== Input for this task ==

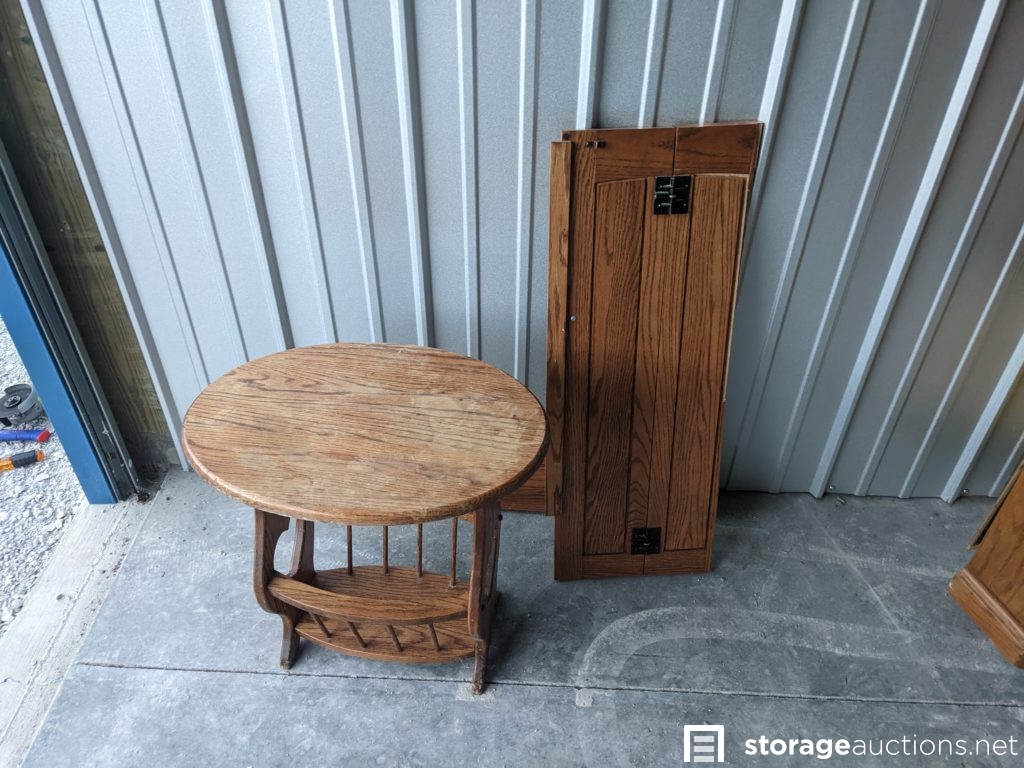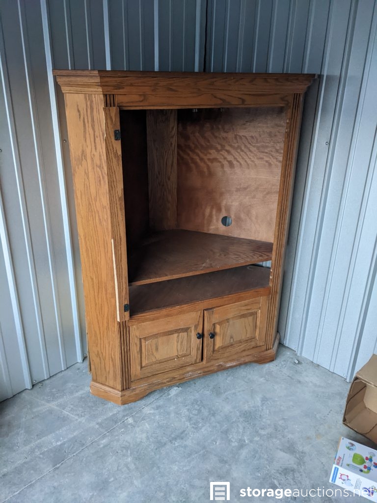 wood entertainment center, wood end table, metal bed frame, boxes, and other miscellaneous items.
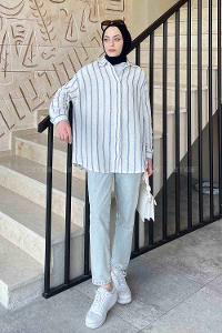 Lamelif Kalın Çizgi Detaylı Gömlek
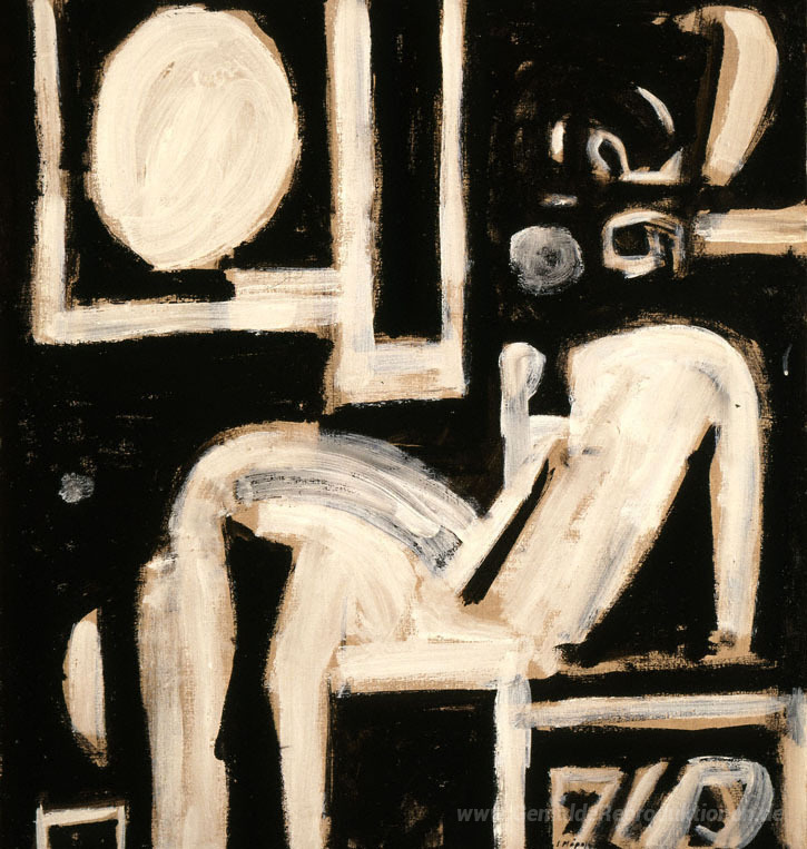 Wir bieten Ihnen eine handgefertigte Reproduktion auf Leinwand des berühmten Kunstwerks 'Funeral Komposition VII' von Yiannis Moralis, aus dem Reproduktionsmuseum.
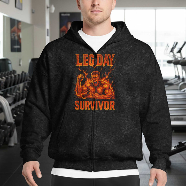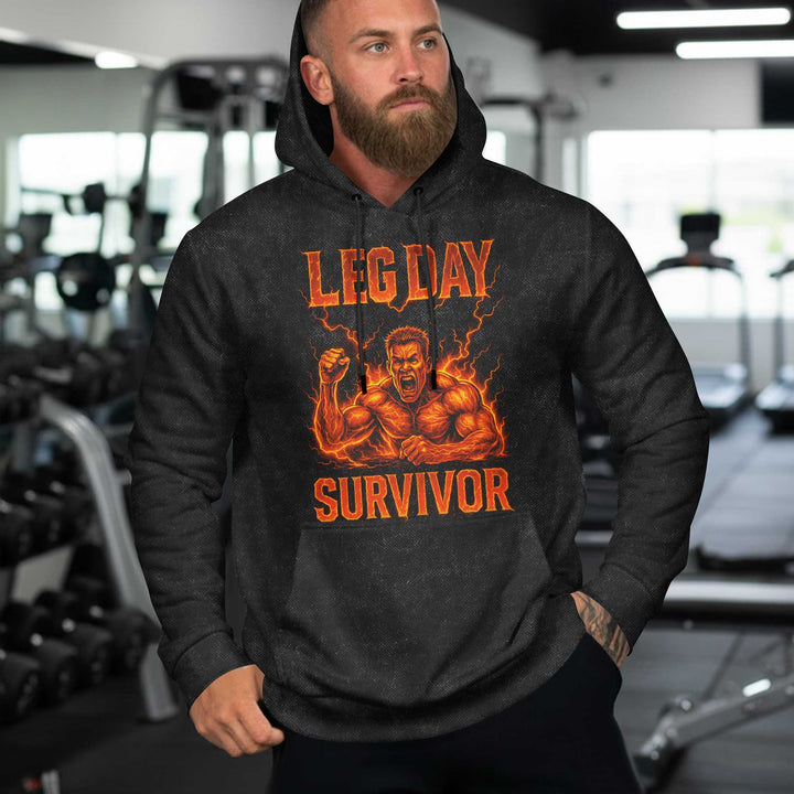 Leg Day Survivor Men's Gym Hoodie, Workout Shirt, Oversized Pullover Hoodie
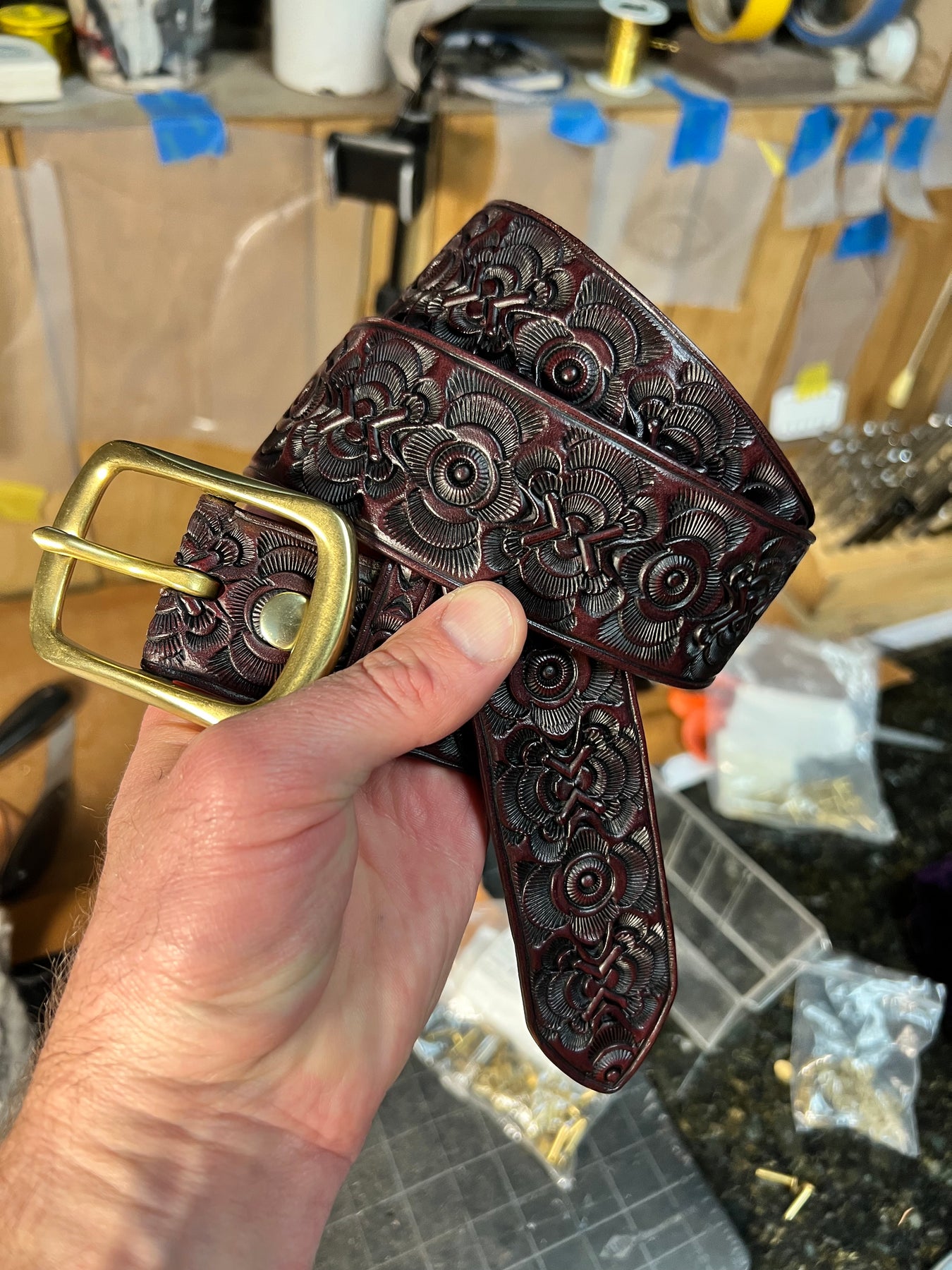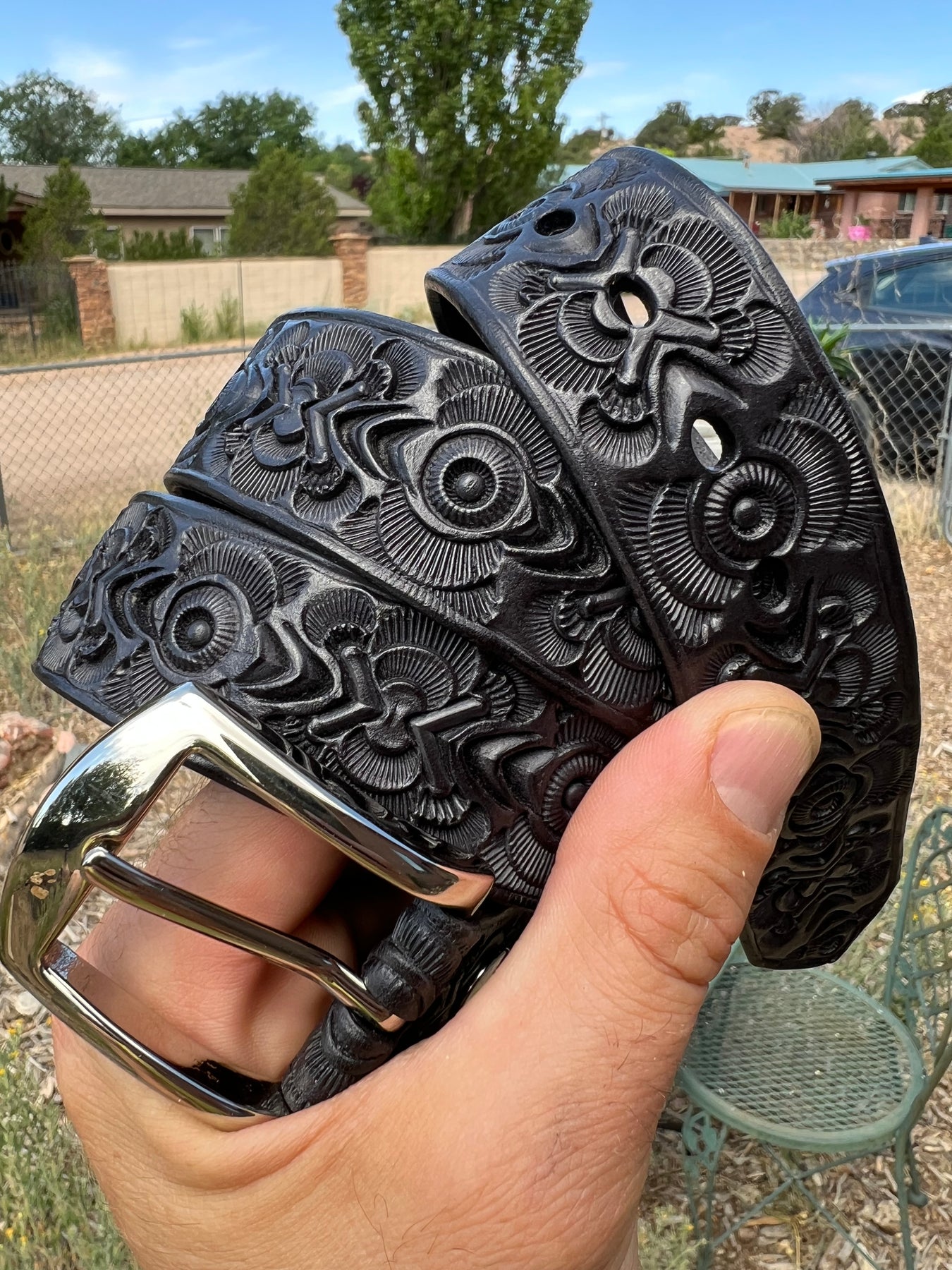 The Rosette Belt is hand stamped using traditional saddle tools, no presses or machines are used.
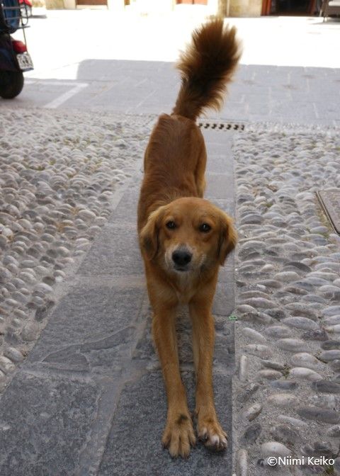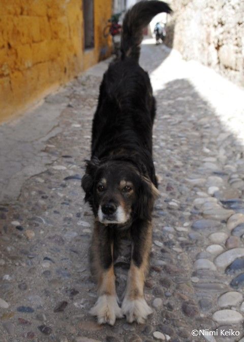 エーゲ海東部にあるギリシャのロドス島(ロードス島)、旧市街のほとんどの道は、道幅が狭いことなどもあり自動車が通りません。そのため、猫だけでなく、犬も路地を自由に歩き回り、仲間といっしょに遊んでいます。
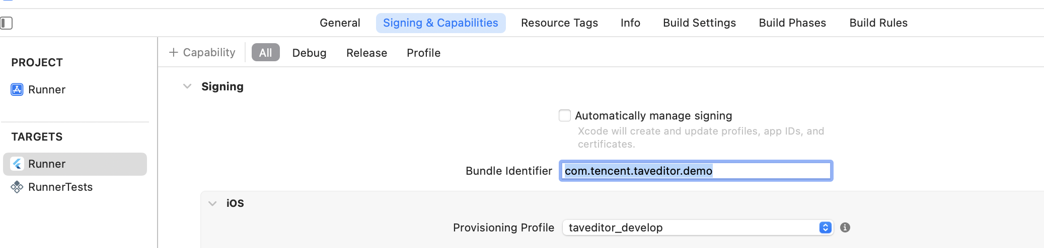 example/ios 文件夹下,打开 Runner.xcworkspace 进入 Xcode 管理项目。打开后,在 Runner Target 下的 Signing & Capabilities 标签下,替换为您 License 和开发签名对应的包名和描述文件。

===

→ **Aim of the exercise**
Set down the lines from the one containing "エーゲ海東部にあるギリシャの" through the last line of the records above, both included, exactly as they appear and with no other text. Pictures should not be set down.

→ **Response area**
 エーゲ海東部にあるギリシャのロドス島(ロードス島)、旧市街のほとんどの道は、道幅が狭いことなどもあり自動車が通りません。そのため、猫だけでなく、犬も路地を自由に歩き回り、仲間といっしょに遊んでいます。
 example/ios 文件夹下,打开 Runner.xcworkspace 进入 Xcode 管理项目。打开后,在 Runner Target 下的 Signing & Capabilities 标签下,替换为您 License 和开发签名对应的包名和描述文件。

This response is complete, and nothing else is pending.